Soil carbon sinks resulting from sequestration activities are not permanent and will continue only for as long as appropriate management practices are maintained. If a land management or land-use change is reversed, the carbon accumulated will be lost, usually more rapidly than it was accumulated (Smith et al., 1996). For the greatest potential of soil carbon sequestration to be realized, new carbon sinks, once established, need to be preserved in perpetuity. Within the Kyoto Protocol, mechanisms have been suggested to provide disincentives for sink reversal, i.e. when land is entered into the Kyoto process it has to continue to be accounted for and any sink reversal will result in a loss of carbon credits.
Soil carbon sinks increase most rapidly soon after a carbon-enhancing land management change has been implemented, but soil carbon levels may decrease initially if there is significant disturbance (e.g. when land is afforested). Sink strength (i.e. the rate at which carbon is removed from the atmosphere) in soil becomes lesser with time as the soil carbon stock approaches a new equilibrium. At equilibrium, the sink is saturated: the carbon stock may have increased, but the sink strength has decreased to zero.

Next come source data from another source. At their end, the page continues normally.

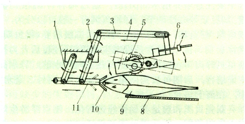 利用转动圆片刀切除鱼头的鱼类处理机械。适用于大型鱼的去头机有两类:一类是直切式。去头机的转动圆片刀系垂直装置,从胸鳍后直切,将鱼头连同鳃及锁骨一起切去,颈部鱼肉损失较多;另一类是V形切割,去头机的两片转动圆片刀装成V形,从鱼的颈部和背部切入鱼头,鱼肉损失少;还有一种V形切割,切割时鱼体转动,刀具绕着鱼头切割,将锁骨留在鱼体上,鱼肉损失最少。适用于小型鱼的切头是由装在去内脏机或鱼片机上的去头机构执行。去头机是一对相对转动的圆片刀构成刀具垂直或V形装置,对鱼头进行直切或V形切割。为了减少鱼肉的损耗,在切头刀具前常装有鱼头定位机构(见图),使鱼进入刀具切割前自动调整鱼头切割装置,刀具恰好在鱼的颈部切割。鱼头定位机构是根据鱼头厚度与鱼头长度变化的比例,通过机械装置调整切割部位,鱼经过鱼头定位机械的厚度测量杠杆时,测量杠杆的左端被抬起,其右端通过一组连杆机构变动鱼头夹具的位置。然后,测量杠杆后面的转动圆盘刷将鱼体推向已定位的鱼头夹,由一对相对转动的圆片刀切下鱼头。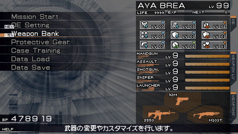 Cinq catégories d'armes acquièrent de l'expérience à chaque fois qu'on les utilise. Cet apprentissage permet d'obtenir des « customisations » plus avancées. Néanmoins on ne peut pas améliorer nos armes selon notre bon vouloir au tout début. En effet, si on joue par exemple en mode normal, le niveau des armes ne pourra pas augmenter au dessus de 4 ; en difficile on ne dépassera que difficilement le niveau 5.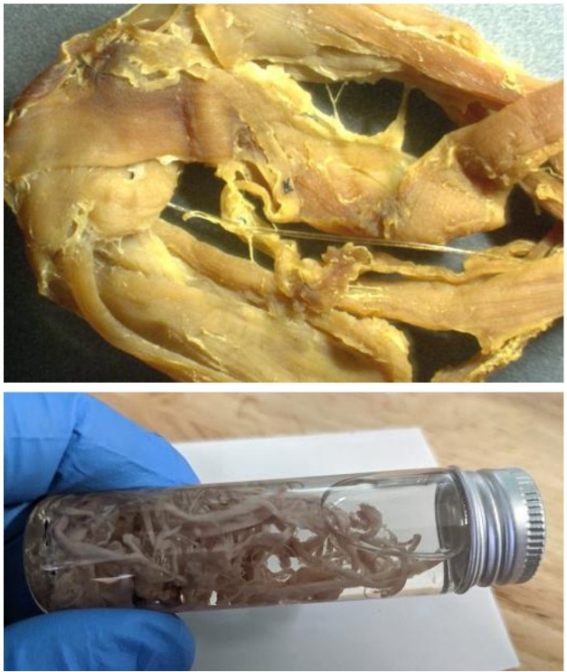 上图是《尸检发现接种疫苗的人体内有大量血凝块生物结构》文章里的实物照片,稍有常识的人都知道这根本就不是血液的凝集物,而是“蛋白样物质”呈透明的凝胶或果冻状,坚韧的纤维状并且具弹性。这些“蛋白样带状物质”位于血管和动脉中,一旦堵塞血管立刻造成器官或组织坏死,甚至直接导致死亡。上图片的“血栓”干燥后的样本是这样的: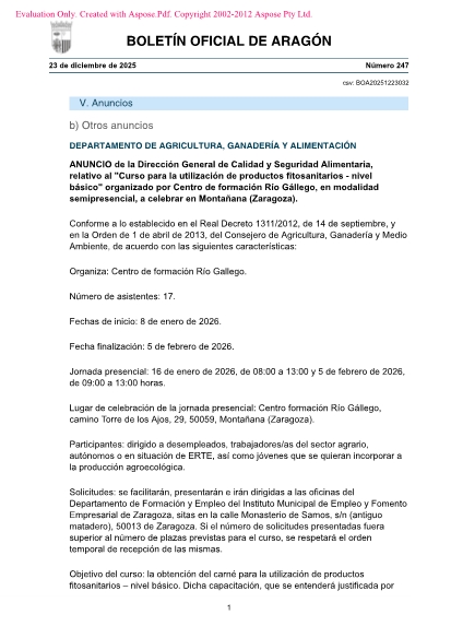 Formación Aparatos o maquinaria de aplicación Fitosanitarios de síntesis

The time taken for sink saturation (i.e. new equilibrium) to occur is highly variable. The period for soils in a temperate location to reach a new equilibrium after a land-use change is ~100 years (Jenkinson, 1988; Smith et al., 1996) but tropical soils may reach equilibrium faster. Soils in boreal regions may take centuries to approach a new equilibrium. As a compromise, good practice guidelines give 20 years for soil carbon to approach a new equilibrium (IPCC, 1997; Paustian et al., 1997).